* [Work to be completed] Your task is to reproduce the listing exactly, without its images.

* [Data below]
• • • • • • •
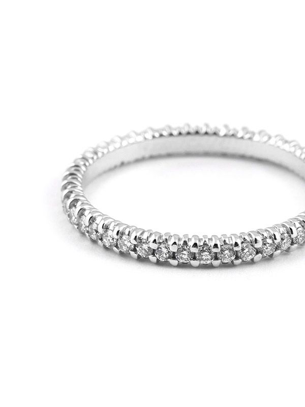 Fedina eternelle in oro bianco 18kt con diamanti. L'eternelle, o girodito, è un anello composto da pietre poste in tutta la circonferenza dell'anello: la più classica è indubbiamente quella realizzata in oro bianco 750% e diamanti naturali taglio brillante. Il numero delle pietre varia in base alla proporzione e alla misura. La montatura è realizzata a filo, ovvero ogni pietra è incastonata da 4 griffe. Previo preventivo concordato con noi, l'eternelle può essere realizzata con pietre di diversa caratura e di differente purezza, taglio e colore. Per qualsiasi necessità o richiesta particolare, o per prenotare un appuntamento in negozio per valutare il prodotto di persona, non esitate a contattarci, siamo a Vostra disposizione.
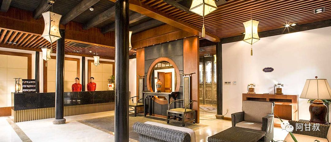 如果不是景区叫了些演员在这个围墙的门口摆拍了这样一个画面,你很难注意到穿过围墙的那个小门洞,后面藏了个五星级标准,拥有345间客房,从豪华总统独幢套房到家庭临河套间、标准间一应俱全的高级度假酒店。
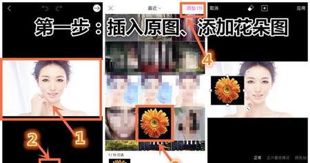 如何用手机将美女照片和鲜花图合成?
• • • • • • •
* [Reply to the exercise]
 Fedina eternelle in oro bianco 18kt con diamanti. L'eternelle, o girodito, è un anello composto da pietre poste in tutta la circonferenza dell'anello: la più classica è indubbiamente quella realizzata in oro bianco 750% e diamanti naturali taglio brillante. Il numero delle pietre varia in base alla proporzione e alla misura. La montatura è realizzata a filo, ovvero ogni pietra è incastonata da 4 griffe. Previo preventivo concordato con noi, l'eternelle può essere realizzata con pietre di diversa caratura e di differente purezza, taglio e colore. Per qualsiasi necessità o richiesta particolare, o per prenotare un appuntamento in negozio per valutare il prodotto di persona, non esitate a contattarci, siamo a Vostra disposizione.
 如果不是景区叫了些演员在这个围墙的门口摆拍了这样一个画面,你很难注意到穿过围墙的那个小门洞,后面藏了个五星级标准,拥有345间客房,从豪华总统独幢套房到家庭临河套间、标准间一应俱全的高级度假酒店。
 如何用手机将美女照片和鲜花图合成?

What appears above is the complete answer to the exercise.